Most people believe that waiting is a waste of time and it's best to fill that time with something... anything. Whether we're in line at a the grocery story, waiting at a doctor's office, or sitting at a stoplight, the brain seems to be cued to fill that space. Nowadays, many of us pull out our phones and begin sifting through various messages, reading over documents, or surfing the web.

However, the belief that waiting has no value is mistaken. In fact, the secret to a sense of personal control, general satisfaction with life and even success, lies in learning how to find peace with waiting.

We've all heard the famous adage, "Patience is a virtue" or "Good things come to those who wait."
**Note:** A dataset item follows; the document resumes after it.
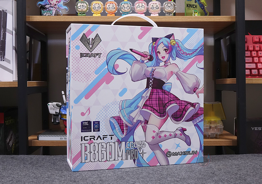 iCRAFT CROSS 시리즈는 차별화된 디자인 제품이기때문에 패키지 포장부터 신경을 쓰는데, 박스 전면은 오픈 도어 커버방식으로 커버를 열면 안쪽에 다시 한번 iCRAFT CROSS 시리즈 캐릭터인 Aijia 이미지를 확인할 수 있고, 박스 손잡이 부분에 자석방식의 오픈 부분을 열면, 내부에 포장된 메인보드를 확인할 수 있으며, 아래에 나머지 구성품들을 확인할 수 있습니다. iCRAFT B860M CROSS PRO 메인보드는 정전기방지 보호비닐에 포장되어 있으며, 외부 충격보호를 위한 우레탄-폼 포장재까지 사용했으며, 나머지 구성품들도 개별 포장으로 처리되어 있습니다. 또한, 이전 모델에서도 제공되었던 미니 공구 드라이버, Aijia 스탠딩 간판 및 스티커 굿즈(Goods)들을 제공해주고 있죠.

Easier said than done, why?

We're not in control of our brains

Because underneath the subtle yet intolerable experience of waiting is a little anxious gremlin that fears being alone. This gremlin is operating on old software that says if you're alone that means you're not being protected by your clan and it's a threat to your safety. In those small moments of waiting, the gremlin takes the controls of your brain and reaches for something to "be with" so you're not alone anymore.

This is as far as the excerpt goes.